Bentuk terdisosiasi asam lemah, tidak dapat menembus dinding sel
mikroorganisme. Bentuk tidak terdisosiasi dari asam lemah dapat menembus
bagian dalam sel dengan cepat karena kelarutannya dalam lemak sehingga mampu
berdifusi melewati plasma membran dan berdisosiasi di dalam sel.

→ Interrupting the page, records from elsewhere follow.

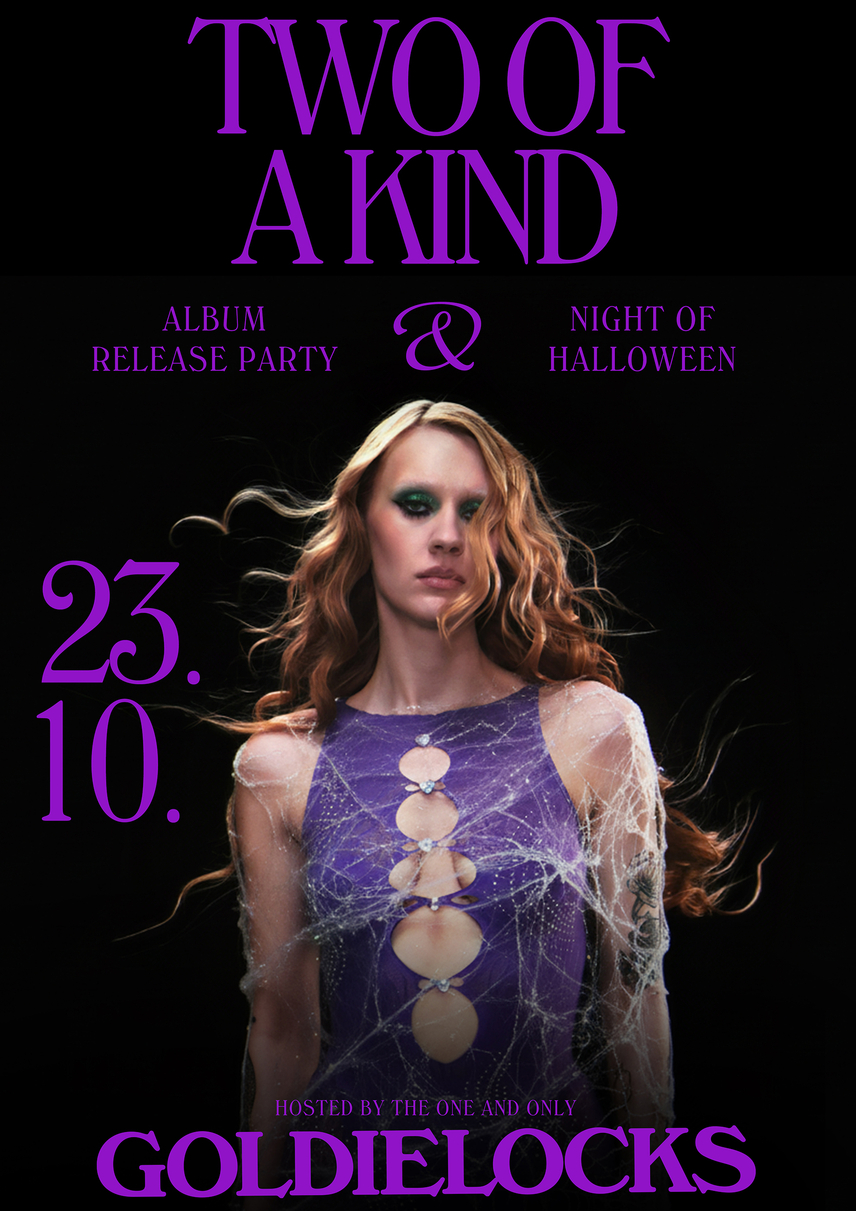 For the release party of music artist Goldielocks—following her breakthrough year and standout success at UMK—we designed a poster built around her primary typeface, Windsor Roman, with Windsor BT’s Light Condensed for the smaller texts. As the event took place close to Halloween, the concept introduced a subtle, atmospheric Halloween influence layered onto the official promotional and press imagery for her debut album, Two of a Kind. The album marks Goldielocks’ emergence as one of Finland’s most promising new international pop artists.
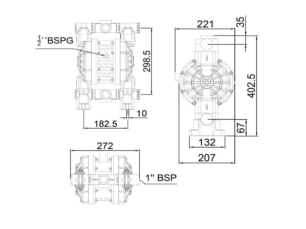 Vzduchomembránové čerpadlo značky RUBY v PP vyhotovení s membránami z materiálu PTFE (Teflon) je vhodné na rôzne média - na rôzne kyseliny a zásady s teplotou média do max. 60 °C. Maximálny výkon: 168 l/min.
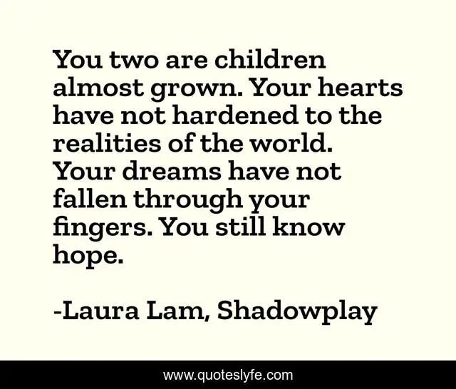 This page presents the quote "You two are children almost grown. Your hearts have not hardened to the realities of the world. Your dreams have not fallen through your fingers. You still know hope.". Author of this quote is Laura Lam, Shadowplay. This quote is about young-adults, dreams, adults, hope, children,.
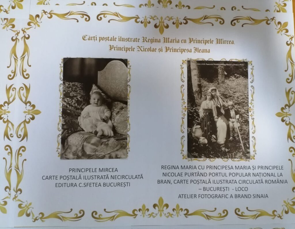 Expoziția reunește fotografii originale vechi, în care apare Regina Maria, alături de Principele Mircea în posturi duioase, imagini în care suverana este înfățișată alături de ceilalți copii ai ei, îmbrăcați în port tradițional românesc, precum și cărți poștale ilustrate, plicuri filatelice, timbre „de ajutor”, invitații la balurile și bazarurile asociației caritabile, medalioane, dar și mărturii de la botezul micuțului principe Mircea, realizate din argint, alamă, alamă aurită sau cupru.
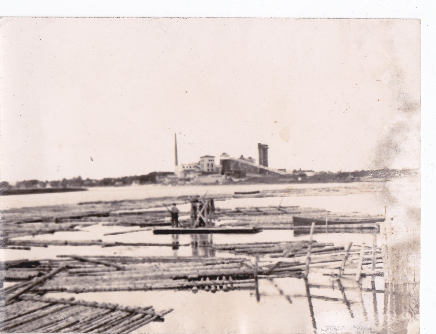 Priekšplānā Lielupe ar lielu daudzumu baļķu, centrā cilvēks uz plosta, blakus laiva. Tālumā redzamas fabrikas ēkas un lielais skurtenis.
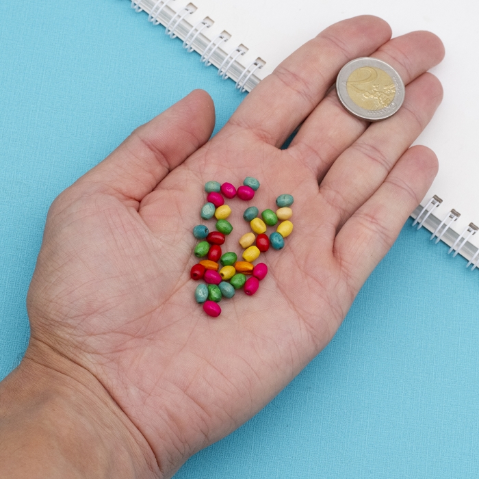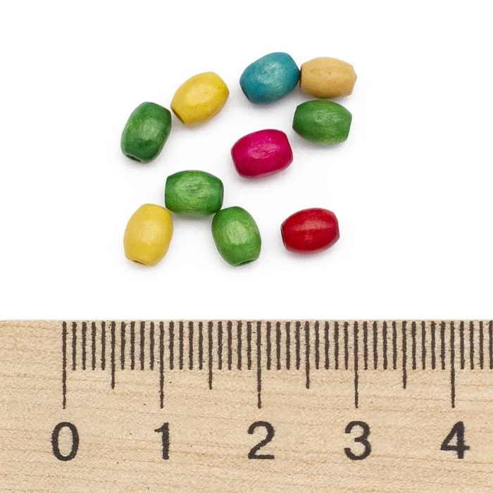 Бусины Деревянные Окрашенные, Овальные, Цвет: Микс, Размер: 6x4~5мм, Отв-тие 2мм, около 500шт/25г, (УТ100009566)
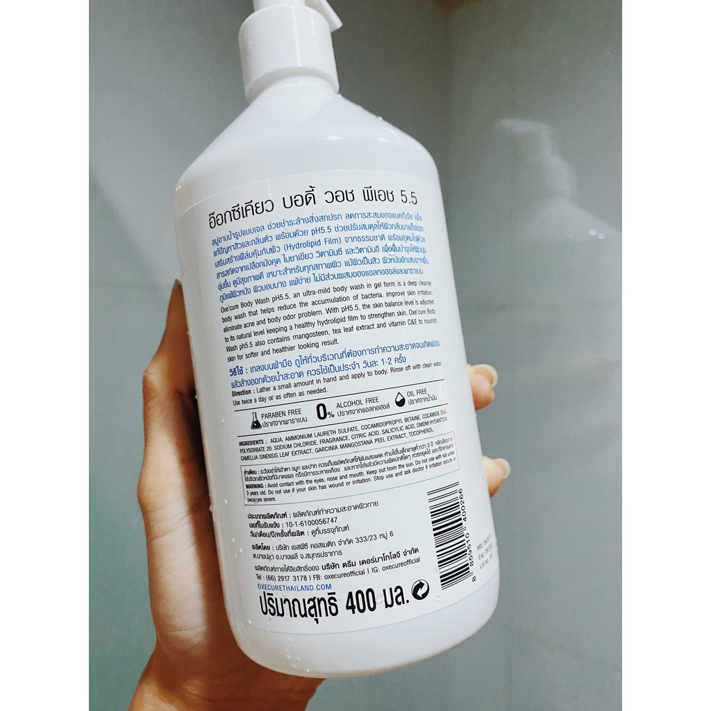 ื(EXP.2027) Oxe'cure Body Wash PH 5.5 400ml เจลอาบน้ำ ป้องกันสิวที่หลัง และหน้าอก
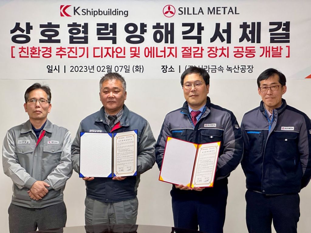신라금속 김형진 대표는 “이미 중형선박 시장에서 기술 경쟁력을 갖추고 있는 케이조선과 지난 1975년 이래 선박 추진기분야 전문 기술을 보유하고 있는 신라금속의 협력을 통해 양사 공동의 성과 창출과 함께 조선소, 기자재업체간 상생협력 체계가 구축될 수 있는 계기가 되기를 염원한다”고 말했다.
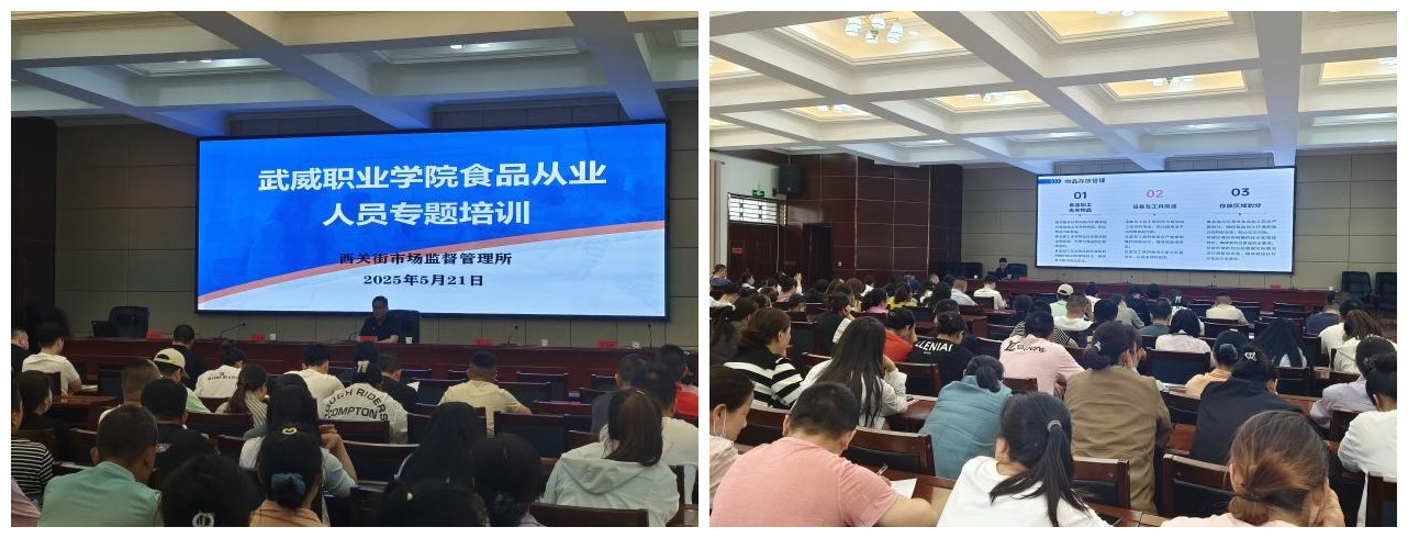 5月21日下午,學(xué)校邀請(qǐng)涼州區(qū)市場監(jiān)管局副局長汪大勇、西關(guān)街市場監(jiān)督管理所所長秦榮華開展食品安全專題培訓(xùn)。學(xué)生食堂、超市、后勤服務(wù)樓管理人員和全體從業(yè)人員200余人參加培訓(xùn)。培訓(xùn)由后勤管理處處長占發(fā)禹主持。
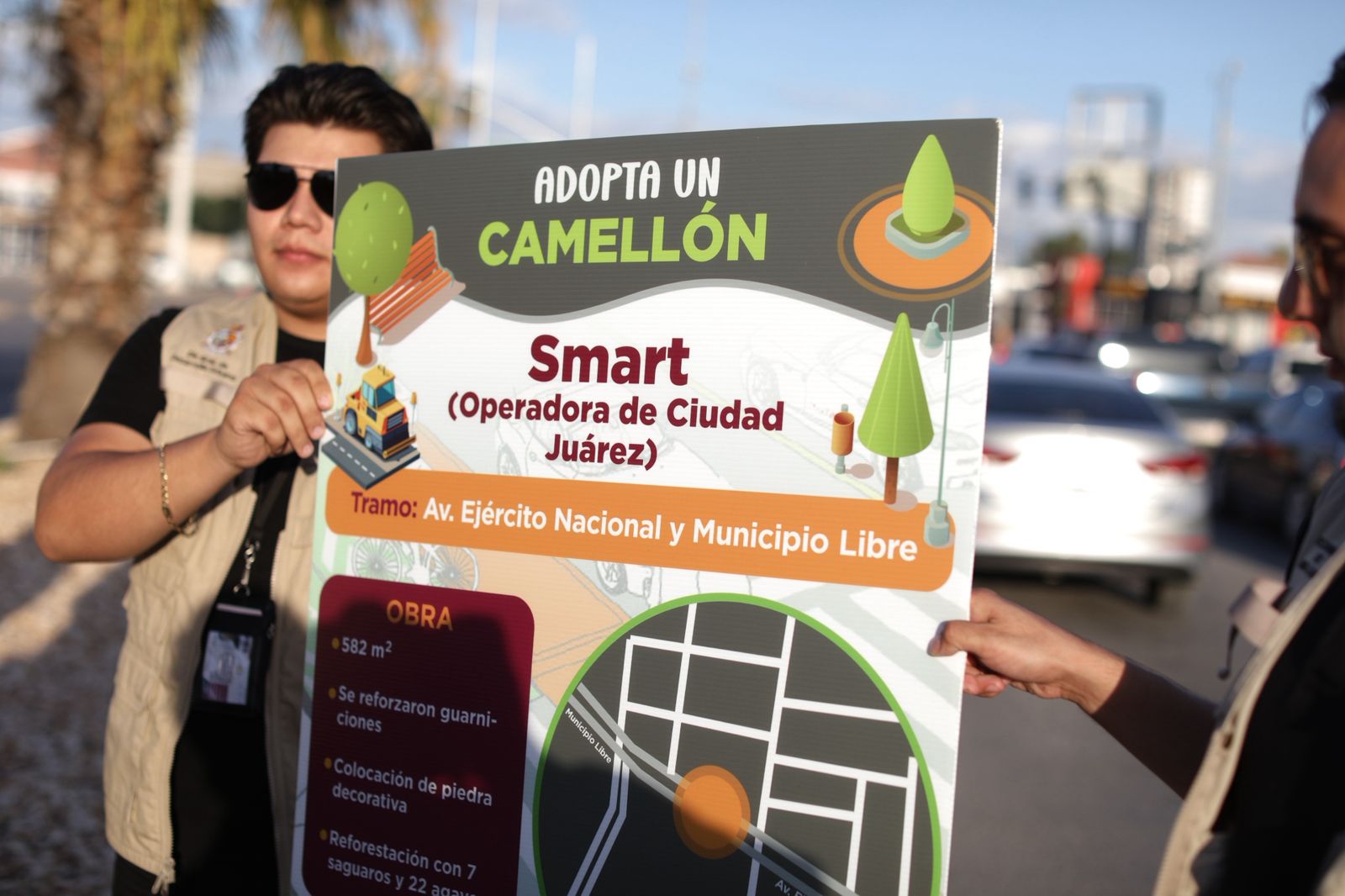 El Presidente Municipal, Cruz Pérez Cuéllar, recibió este viernes la rehabilitación del camellón ubicado en las avenidas Municipio Libre y Ejército Nacional, como parte del programa Adopta un Camellón, impulsado por la Dirección General de Desarrollo Urbano en convenio con la empresa Smart.
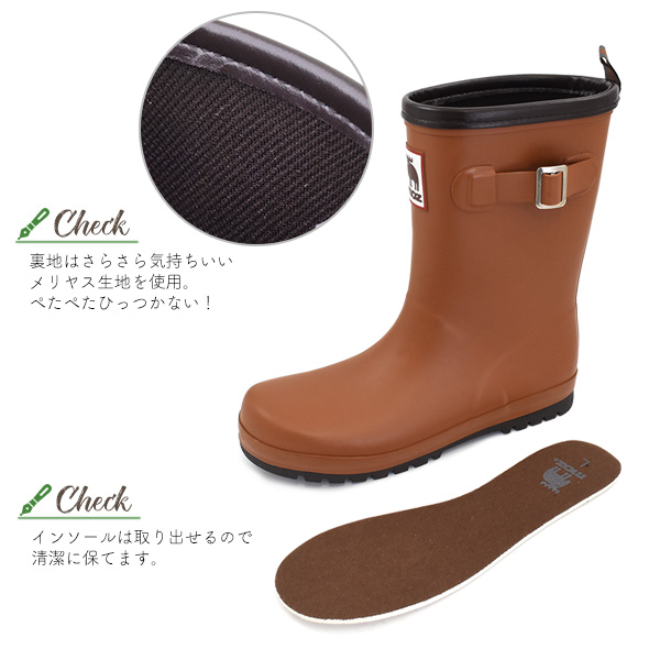 カントリー風の、ナチュラルなデザインのレインブーツ。
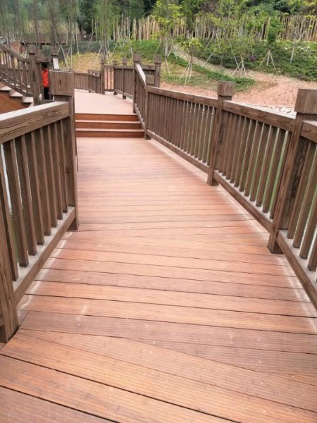 不锈钢螺丝固定,安装时地板切头端面及所钻孔螺丝孔均要及时用户外油刷两次以上封口,以免水分进入而变形。
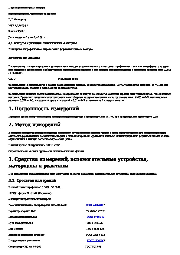 МУК 4.1.1053-01: Ионохроматографическое определение формальдегида в воздухе
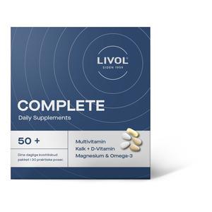 Livol Complete 50+ är ett komplett kosttillskott speciellt framtaget för vuxna över 50 år. Varje ask innehåller 30 dagspåsar, vilket gör det lätt och praktiskt att ta dina kosttillskott. Påsarna innehåller 2 x multivitamintabletter, 2 x kalciumtabletter och 1 x omega-3-kapsel. Kosttillskotten är utvecklade i Danmark och anpassade till kroppens behov med åldern.
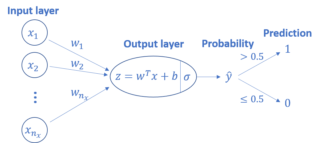$\sigma \left( z \right)$ はロジスティクス回帰における活性化関数 (Activate Function)であり、シグモイド関数、あるいはロジスティック関数と呼ばれる活性化関数が使われます。$w$ は入力に対するウェイトであり、$b$ はバイアスです。
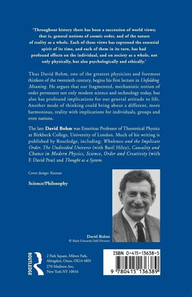 First published in 1987. In Unfolding Meaning, the author, one of the most provocative and original thinkers of our time, argues that there are other ways of thinking to bring about a different, more harmonious reality. Our fragmented, mechanistic notion of order derives from the modem conception that our earth is only part, not - as it was with the Greeks - the centre, of the immense universe of material bodies. The implications of this idea permeate modem science and technology today and also our general attitude to life.
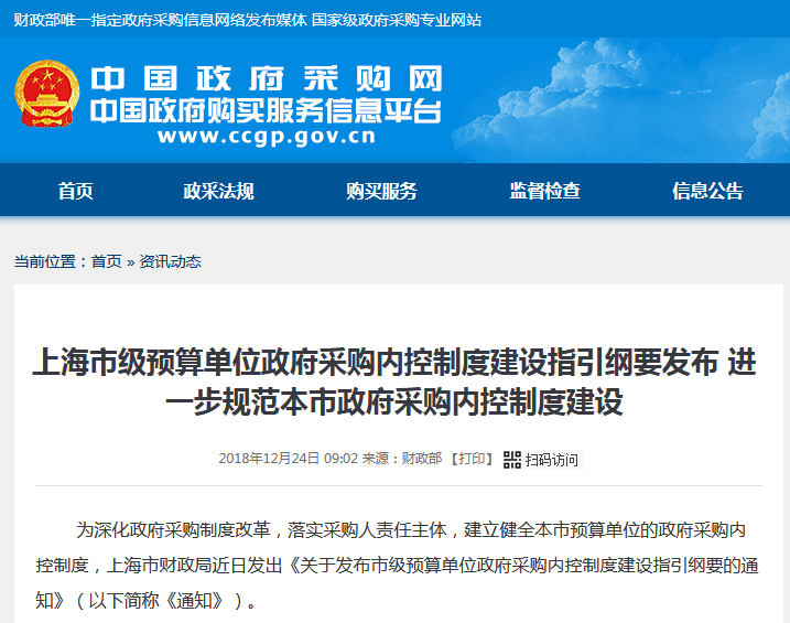 上海市級(jí)預(yù)算單位政府采購(gòu)內(nèi)控制度建設(shè)指引綱要發(fā)布?進(jìn)一步規(guī)范本市政府采購(gòu)內(nèi)控制度建設(shè)
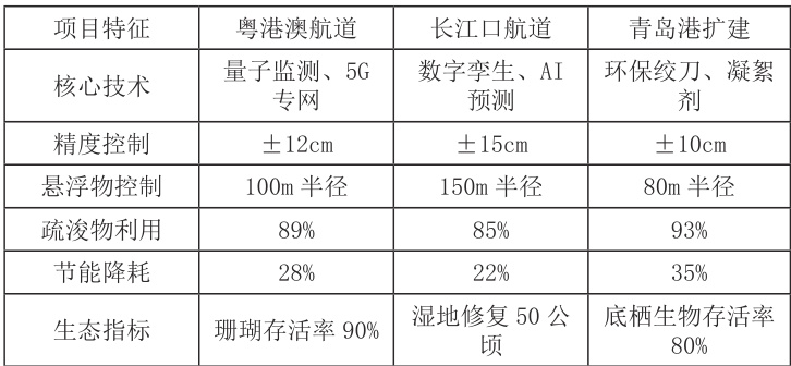 5.1 粤港澳大湾区航道扩建工程 作为全球最具代表性的智能疏浚项目,创造了多项行业新标准。该项目在2023-2025 年期间完成了主航道从 15.5 米到 18.0 米的升级改造,面临的最大技术挑战是在繁忙的航运条件下保持施工精度。工程团队创新性地应用了 "5G+ 量子通信 " 双通道传输系统,确保了海量监测数据的实时性和可靠性。通过数字孪生平台的船舶交通模拟功能,优化出了每天 3.5 小时的最佳施工窗口期,使工程效率提升40%。在质量控制方面,引入的AI 视觉检测系统自动识别并处理了126 处潜在边坡缺陷,将事故率控制在0.12次/ 万方的行业领先水平。
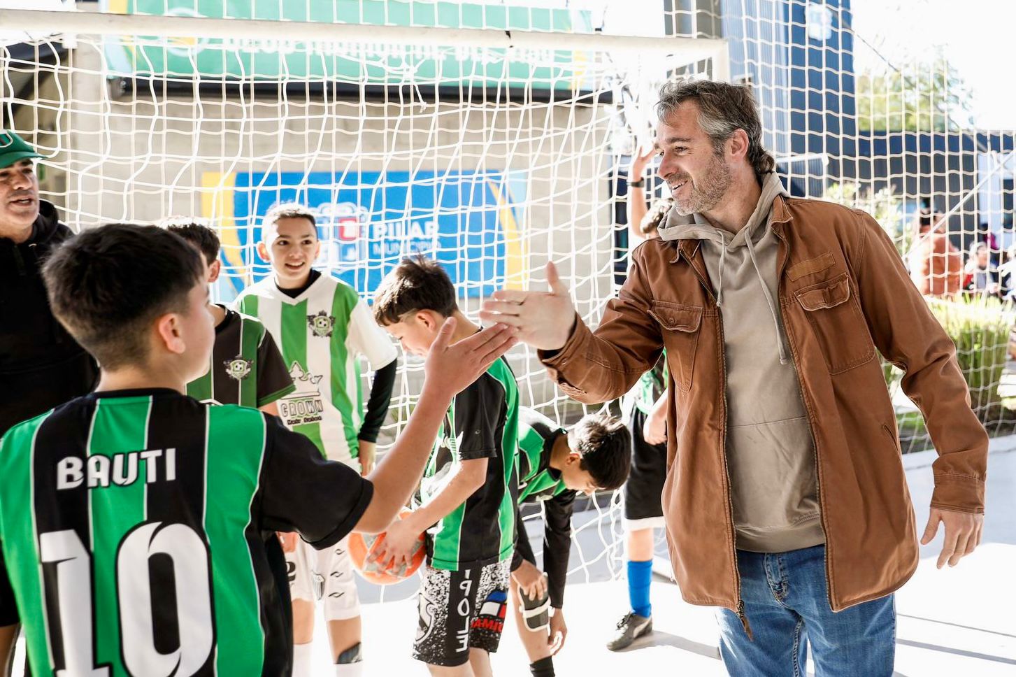Achával con los jóvenes de la Liga Municipal de fútbol: «Seguimos acompañando al deporte pilarense»

Asam lipofilik dalam bentuk tidak terdisosiasi dapat menembus sel
mikroba, dan pada pH intraseluler yang lebih tinggi, terdisosiasi memproduksi ion
hidrogen, dan menggangu fungsi metabolisme esensial seperti translokasi substrat
dan fosforilasi oksidatif, serta menurunkan pH intraseluler mikroba. Oleh karena
itu, penggunaan asam yang bertujuan untuk pengawetan lebih baik digunakan
pada nilai pH yang mendekati pKa. Pada suatu nilai pH, asam yang memiliki nilai
pKa tertinggi, akan memiliki bentuk tidak terdisosiasi lebih banyak dan dengan
demikian memiliki aktivitas antimikroba yang lebih tinggi.
Selama ini asam laktat merupakan pilihan yang utama sebagai bahan
pengasam dalam pembuatan tempe. Jika tidak mungkin memperoleh asam laktat,
asam cuka dapat digunakan sebagai alternatif. Jumlah asam yang ditambahkan
beragam tergantung suhu dan nilai pH akhir kedelai prefermentasi. Penggunaan
bahan pengasam menambah biaya produksi namun mempersingkat waktu
produksi tempe. Pengasaman kimiawi menguntungkan untuk produksi tempe
skala industri karena hanya membutuhkan waktu 2-3 jam bila dibandingkan
dengan cara tradisional yang membutuhkan waktu 20-30 jam.